# Aim of the exercise:
Output the data below exactly, without images.

# Source data:
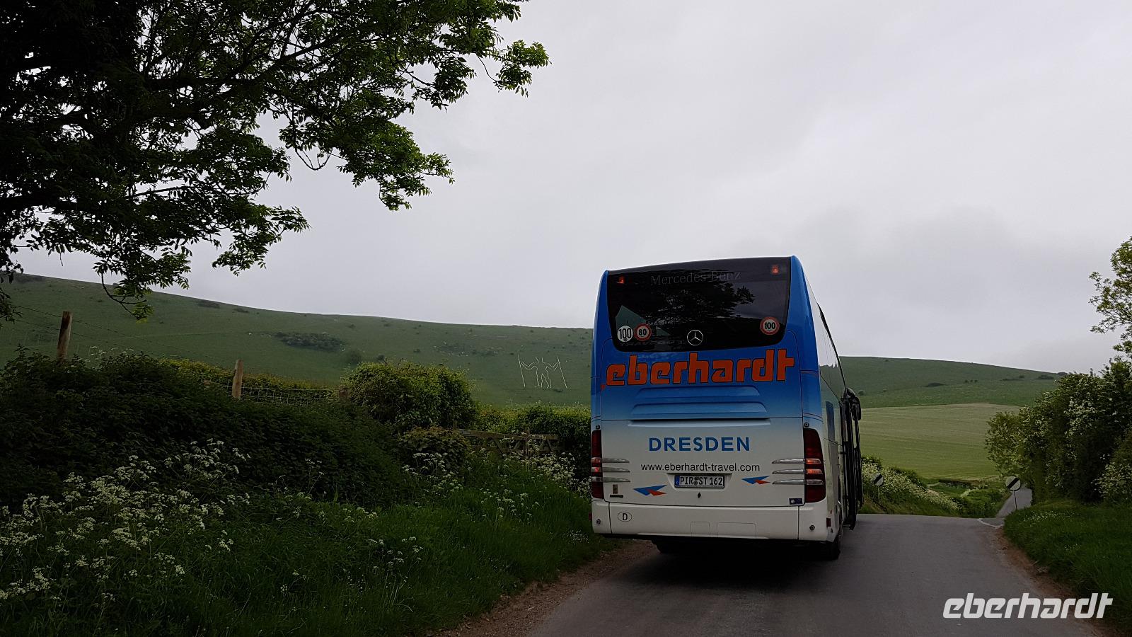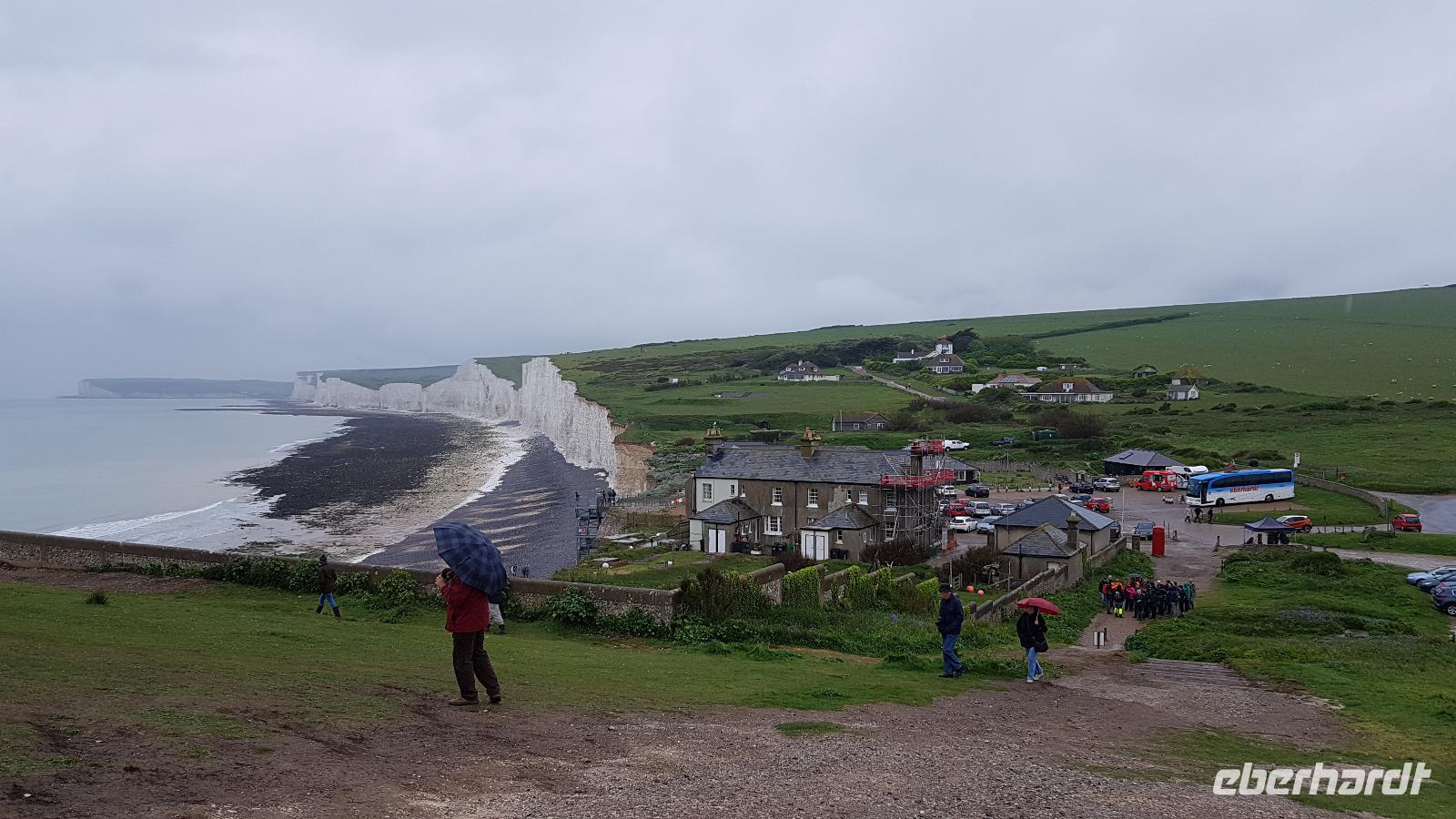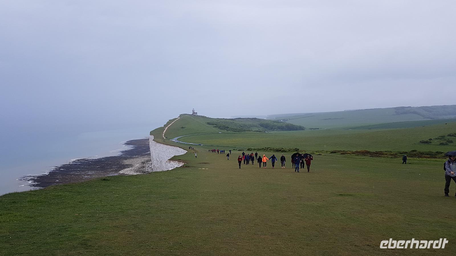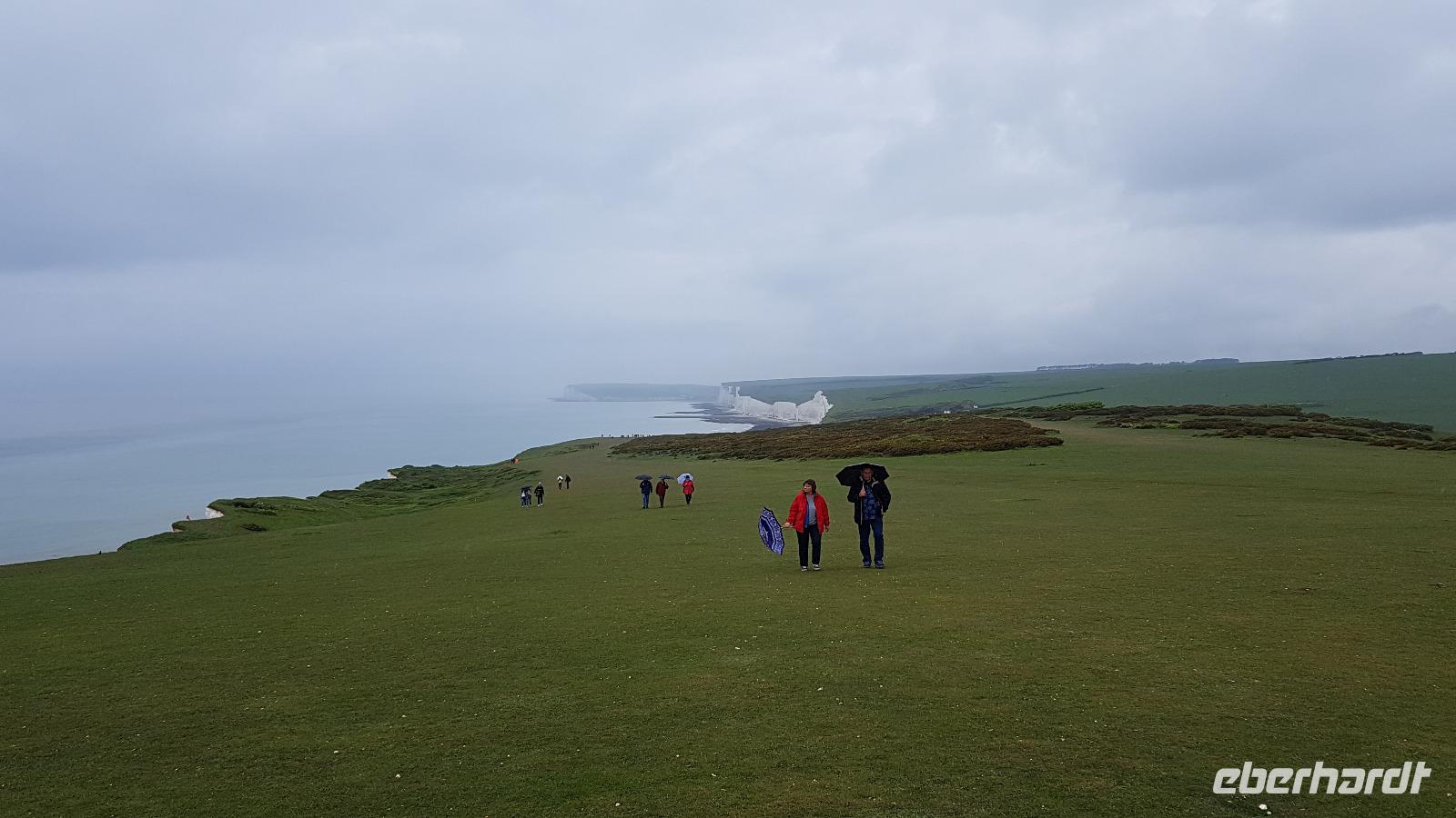 Heute läßt uns der Wettergott im Stich. Schon beim ersten Abstecher nach Wilmington fängt es an zu nieseln. Eigentlich wollten wir hier „nur" den „Long Man of Wilmington" anschauen, eine ca. 70 Meter hohe Figur, die in den Kreidehügel gearbeitet wurde. Gegenwärtig hat man die Umrisse ausgegossen, damit sie besser erhalten werden können. Wir entdecken aber auch die Kirche, in derem Garten sich eine 1000-jährige Eibe versteckt. Gut, dass einige Gäste schon einmal hier mit Eberhardt Travel wandern waren und diese Gegend gut kennen. Julie schließlich schloss uns auch die Kirche auf, so dass wir hineinschauen konnten. Aus der Zeit des 12. Jahrhunderts stammt sie und wurde aus dem gebaut, was lokal vorhanden war: dem Feuerstein. Schon ging es weiter und in der Ferne entdecken wir eine weitere Kreide-Figur: das White Horse, das weiße Pferd. Rasch erreichen wir Brighton, die „Badewanne der Londoner". Der Royal Pavillon ist unser Ziel. Wohl eines der exzentrischsten Bauwerke, dass es in England gibt. Der Prince of Wales, der spätere George IV. ließ es erbauen. 1822 wurde es fertiggestellt. Beeindruckend die Ausstattung, während sich die äußere „Hülle" an den Palästen der indischen Maharadschas orientiert dominiert im Inneren eindeutig ein chinesischer Stil. Goerge IV. wollte beeindrucken- das ist ihm auch bei uns gelungen- was für eine Pracht. Einige besuchen anschließend den Garten oder schlendern durch die Lanes, es ist noch Zeit, bis wir uns an der Landungsbrücke wiedertreffen. Wir fahren weiter zu den „Seven Sisters", den Sieben Schwestern. Diesen Namen tragen die Kreidefelsen, an Birling Gap steigen wir daher aus und die Treppe zum Kieselstrand hinunter. Leider hört es nicht auf zu Nieseln, das hält uns aber nicht davon ab, eine Wanderung zum Beachy Head zu unternehmen. Immer an der Abbruchkante entlang führt unser Pfad und die Blicke auf die Kreidefelsen sind umwerfend. Sie erreichen immerhin eine Höhe von 162 Metern und sind damit Großbritanniens höchste Kreidefelsen. Der Name Beachy Head hat übrigens nichts mit Beach= Strand zu tun, er kommt vielmehr vom französischen Beauchef (schönes Kap). Es hat auch aufgehört zu regnen und vorbei am Leuchtturm Belle Tout Lighthouse erreichen wir schließlich unser Ziel, wo Jan schon mit dem Bus auf uns wartet. Aber erst einmal gibt es für die Wanderer ein Eis. Am späten Nachmittag sind wir wieder im Hotel und jeder nutzt die freie Zeit wie es ihm beliebt bevor uns ein leckeres Abendessen erwartet.
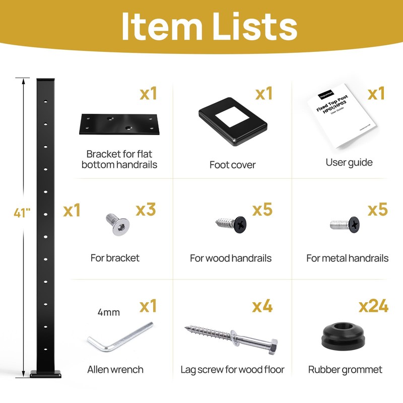 - Package Included: The package includes 1 Pack 42"x2"x2" black square post with flat fixed top, 1 allen wrench, 1 user guide and other necessary installation screws and accessories. You can match with our other products to construct your cable railing system: HP03 42" corner post and HP02 42" stair post
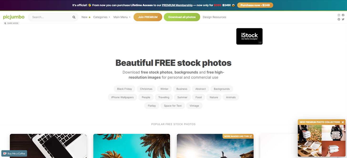 - Есть премиум-пакет: пожизненное членство $249 с бонусами. 150+ готовых коллекций изображений, собранных в тематические подборки, доступ к 10 000 эксклюзивным фото и даже авторские шрифты.
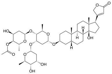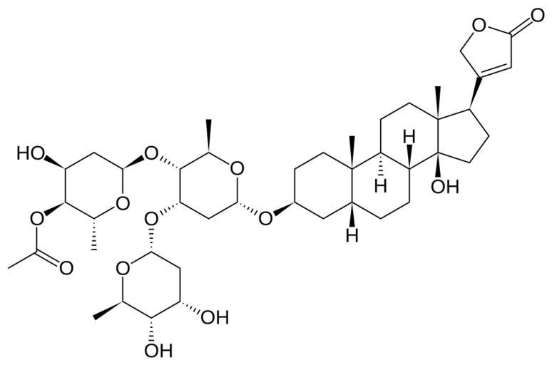 Keywords: Acetyldigitoxin.svg Skeletal formula of acetyldigitoxin Created using http //www acdlabs com/download/chemsk html ACD/ChemSketch 10 0 and Inkscape Own 2007-08-19 Fvasconcellos 22 48 19 August 2007 UTC Glycosides
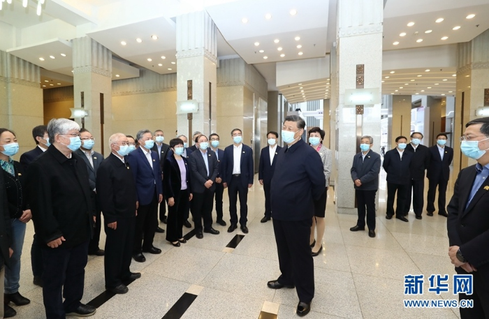 4月19日,在清华大学建校110周年校庆日即将来临之际,中共中央总书记、国家主席、中央军委主席习近平来到清华大学考察。这是习近平在清华大学主楼二层大厅看望部分老教授、中青年骨干教师代表并同他们亲切交谈。新华社记者 鞠鹏 摄
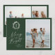 Feliz & Brilho, quadro botânico do Vintage, cartão de 3 fotos. Características, tipografia elegante em fundo festivo de cor verde.
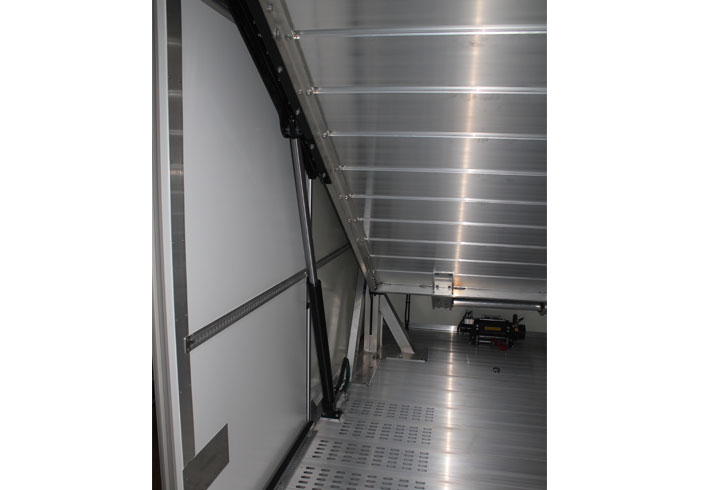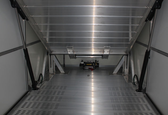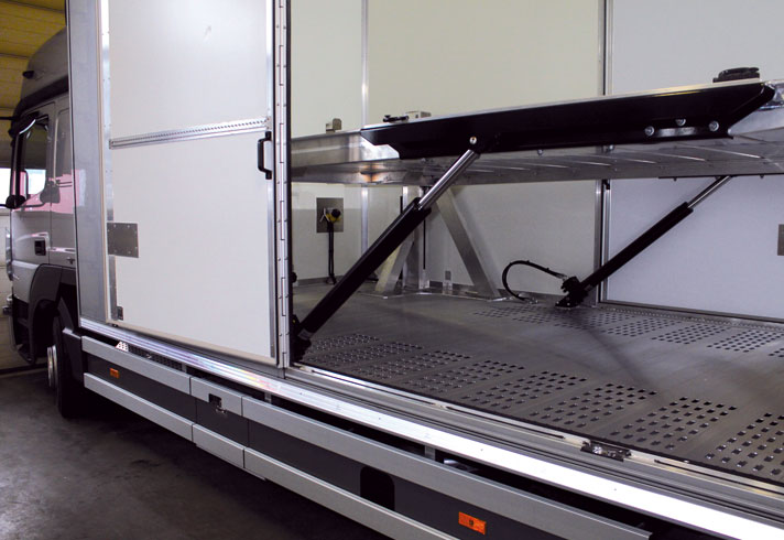 Die folgenden Bilder zeigen einen geschlossenen Doppelstock Aluminium Fahrzeugaufbau der Fa. FGS Systems, in dem Safety Lock zur Lastensicherung des Plateaus seine Anwendung findet.

# Output of the exercise:
 Heute läßt uns der Wettergott im Stich. Schon beim ersten Abstecher nach Wilmington fängt es an zu nieseln. Eigentlich wollten wir hier „nur" den „Long Man of Wilmington" anschauen, eine ca. 70 Meter hohe Figur, die in den Kreidehügel gearbeitet wurde. Gegenwärtig hat man die Umrisse ausgegossen, damit sie besser erhalten werden können. Wir entdecken aber auch die Kirche, in derem Garten sich eine 1000-jährige Eibe versteckt. Gut, dass einige Gäste schon einmal hier mit Eberhardt Travel wandern waren und diese Gegend gut kennen. Julie schließlich schloss uns auch die Kirche auf, so dass wir hineinschauen konnten. Aus der Zeit des 12. Jahrhunderts stammt sie und wurde aus dem gebaut, was lokal vorhanden war: dem Feuerstein. Schon ging es weiter und in der Ferne entdecken wir eine weitere Kreide-Figur: das White Horse, das weiße Pferd. Rasch erreichen wir Brighton, die „Badewanne der Londoner". Der Royal Pavillon ist unser Ziel. Wohl eines der exzentrischsten Bauwerke, dass es in England gibt. Der Prince of Wales, der spätere George IV. ließ es erbauen. 1822 wurde es fertiggestellt. Beeindruckend die Ausstattung, während sich die äußere „Hülle" an den Palästen der indischen Maharadschas orientiert dominiert im Inneren eindeutig ein chinesischer Stil. Goerge IV. wollte beeindrucken- das ist ihm auch bei uns gelungen- was für eine Pracht. Einige besuchen anschließend den Garten oder schlendern durch die Lanes, es ist noch Zeit, bis wir uns an der Landungsbrücke wiedertreffen. Wir fahren weiter zu den „Seven Sisters", den Sieben Schwestern. Diesen Namen tragen die Kreidefelsen, an Birling Gap steigen wir daher aus und die Treppe zum Kieselstrand hinunter. Leider hört es nicht auf zu Nieseln, das hält uns aber nicht davon ab, eine Wanderung zum Beachy Head zu unternehmen. Immer an der Abbruchkante entlang führt unser Pfad und die Blicke auf die Kreidefelsen sind umwerfend. Sie erreichen immerhin eine Höhe von 162 Metern und sind damit Großbritanniens höchste Kreidefelsen. Der Name Beachy Head hat übrigens nichts mit Beach= Strand zu tun, er kommt vielmehr vom französischen Beauchef (schönes Kap). Es hat auch aufgehört zu regnen und vorbei am Leuchtturm Belle Tout Lighthouse erreichen wir schließlich unser Ziel, wo Jan schon mit dem Bus auf uns wartet. Aber erst einmal gibt es für die Wanderer ein Eis. Am späten Nachmittag sind wir wieder im Hotel und jeder nutzt die freie Zeit wie es ihm beliebt bevor uns ein leckeres Abendessen erwartet.
 - Package Included: The package includes 1 Pack 42"x2"x2" black square post with flat fixed top, 1 allen wrench, 1 user guide and other necessary installation screws and accessories. You can match with our other products to construct your cable railing system: HP03 42" corner post and HP02 42" stair post
 - Есть премиум-пакет: пожизненное членство $249 с бонусами. 150+ готовых коллекций изображений, собранных в тематические подборки, доступ к 10 000 эксклюзивным фото и даже авторские шрифты.
 Keywords: Acetyldigitoxin.svg Skeletal formula of acetyldigitoxin Created using http //www acdlabs com/download/chemsk html ACD/ChemSketch 10 0 and Inkscape Own 2007-08-19 Fvasconcellos 22 48 19 August 2007 UTC Glycosides
 4月19日,在清华大学建校110周年校庆日即将来临之际,中共中央总书记、国家主席、中央军委主席习近平来到清华大学考察。这是习近平在清华大学主楼二层大厅看望部分老教授、中青年骨干教师代表并同他们亲切交谈。新华社记者 鞠鹏 摄
 Feliz & Brilho, quadro botânico do Vintage, cartão de 3 fotos. Características, tipografia elegante em fundo festivo de cor verde.
 Die folgenden Bilder zeigen einen geschlossenen Doppelstock Aluminium Fahrzeugaufbau der Fa. FGS Systems, in dem Safety Lock zur Lastensicherung des Plateaus seine Anwendung findet.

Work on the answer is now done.